During the 1930s, he created an important mural cycle for the Santa Monica Public Library, showing art, science, and lots of great thinkers from around the world and throughout time. He was also involved in a number of exhibitions in New York and California, and he became first district supervisor, then later state director for a US governmental art-related organisation ('Federal Arts Project/ Works Project Administration'). He repeatedly refers to this project as 'setting art back 150 years' in the area. He also says:

Also, in 1933, he wrote 'A Basis of Culture', a survey of worldwide art (unpublished). He spent 1939 in a Zen Monastery.

In the 1940s, he had many major exhibitions, and began teaching oriental and contemporary art at UCLA (the University of California at Los Angeles).

In 1951, his wife died. In 1952, he remarried, and also travelled to Tokyo to study Chinese and Japanese painting and sculpture, and also to do some teaching in Tokyo, as a Fulbright professor. He resigned from UCLA in 1954 due to ill health. In 1956 there was a major retrospective of Stanton's work.

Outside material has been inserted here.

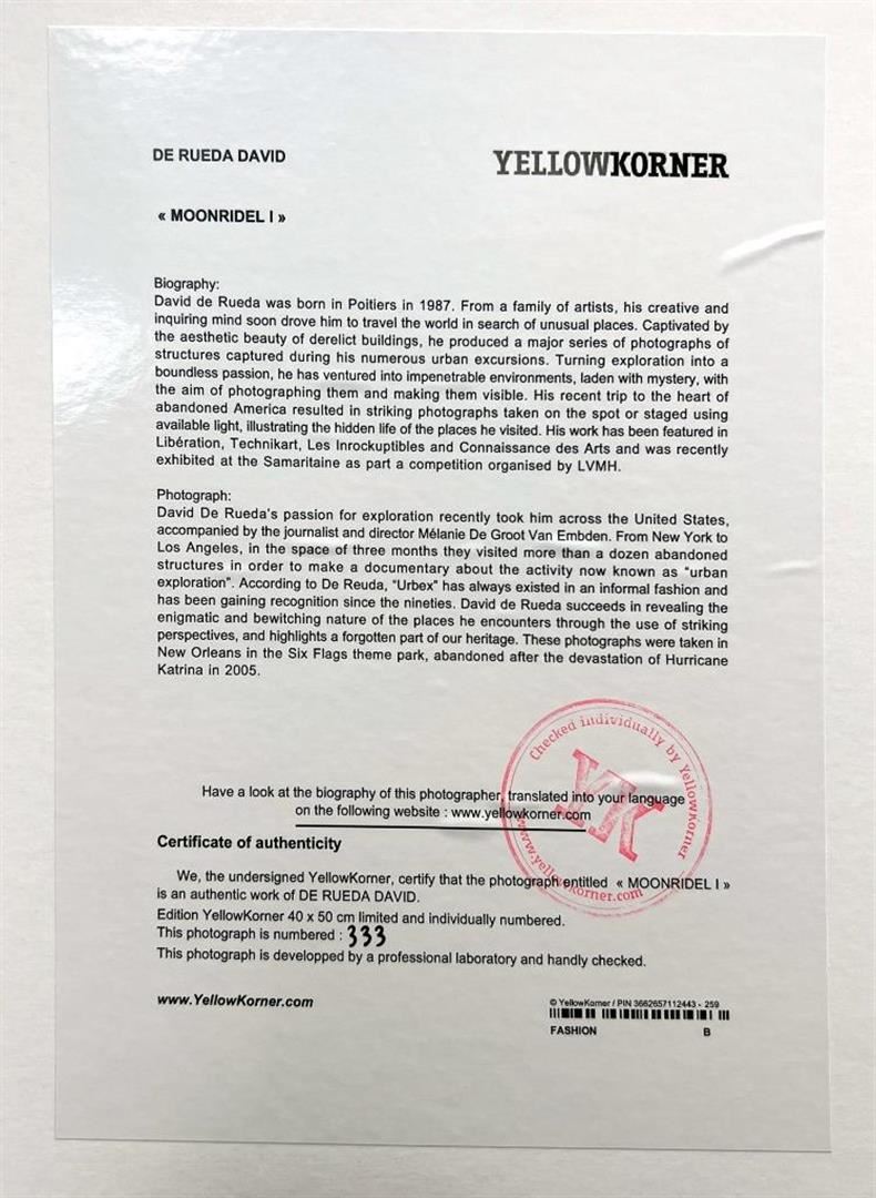 De Rueda David Moonridel I YellowKorner Certified Photograph. Certificate of Authenticity from YellowKorner affixed to the back. Matted Dimensions 16"x20". Protected with Clear Mylar Sleeve.

After decades of attempts and failures, in 1959 Stanton built the first version of the Synchrome Kineidoscope, the light machine about which he and Russell had been theorising since 1913. Stanton's brother Willard wrote a book about the machine entitled 'The Future of Painting'.

In about 1960, Stanton was given a house in the Kyoto monastery where he spent 1939. This suggests that he was well-revered in Japan at this time. He began to spend most of his time living there, in the monastery. From that point all of his painting was done in Japan.

In 1962 he suffered a heart attack, but recovered. In 1964 - 1965 he worked with Clif Karhu in Tokyo on a series of 20 colour woodblock prints entitled 'Haiga'.

His figurative period used Japanese forms and colours, and his later-life Synchromies, with such titles as 'Flight of the Butterfly' and 'Subjective Time', have a subtle, flowing, meditative feel to them which is undoubtedly related to his contact with Zen philosophy and art.

In 1973, he died of a heart attack, aged 83.